HERE ARE SOME PICS FROM THE SKIDKINGS ...VINTAGE BICYCLE CLUB RIDE ON SATURDAY MAD MARCH 24TH.SUNNY DAY ..YES SUNNY IN THE NORTHWEST.24 RIDERS ,LOTS OF COOLNESS ...VINTAGE TAVS ...HOT RODS ..HOTTIES AND JUST PLAIN FUN....THE OTHER IS SUNDAYS SEATTLE OLD BIKE SWAP MEET ...GREAT TIME WITH LOTS OF COOL STUFF FOR SALE .HI WHEELERS ...RUST ...LIGHT WEIGHTS ...MIDDLEWEIGHTS ...HEAVEYWEIGHTS ...RARE AND THE UNUSUAL....THANKS PHILL,LORI AND THE REST FOR THE GREAT TIME ....
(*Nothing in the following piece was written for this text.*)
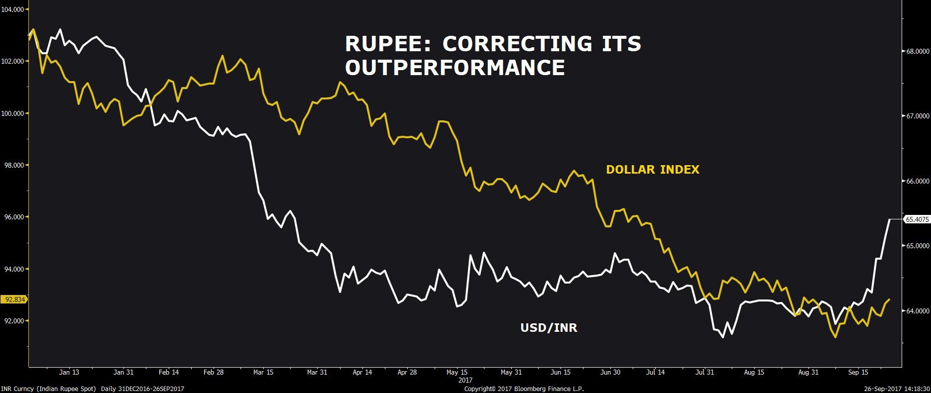 What we are seeing now is a reversal of that trend with the rupee weakening even though the dollar has remained mostly steady.

                                               GARY J AND THE SKIDKINGS VBC


----------



## robertc (Mar 27, 2012)

Enjoyed the photos


----------



## Dave K (Mar 27, 2012)

Looks like a great day.  Thanks for posting the pictures


----------



## scrubbinrims (Mar 27, 2012)

For whatever reason, when I look at pics from swapmeets/rides I end up looking at the people as much as the parts, predicting what CABE folk are in view.
However, when actually at a swap, I am so in the zone, I don't notice much of anything but bicycles.
Chris


----------



## fatbike (Mar 27, 2012)

Thanks for sharing Skidkings. I was sorry too miss the ride but being part of the swap as a vender was extremely fun. Physically and mentally exhausting the I got home, still recovering, to much information and chasing parts that were flying around. i'm glad you got some shots of Ron Summer's booth, Colson, great stuff!


----------



## slick (Mar 27, 2012)

Thanks for the pictures. Who was the gentleman with the Colson snap tanks in the display case? He has some parts I need. Also what's the story on the Aerocycle i spied in the background of the overview shot? Was it for sale? How much? Thanks!!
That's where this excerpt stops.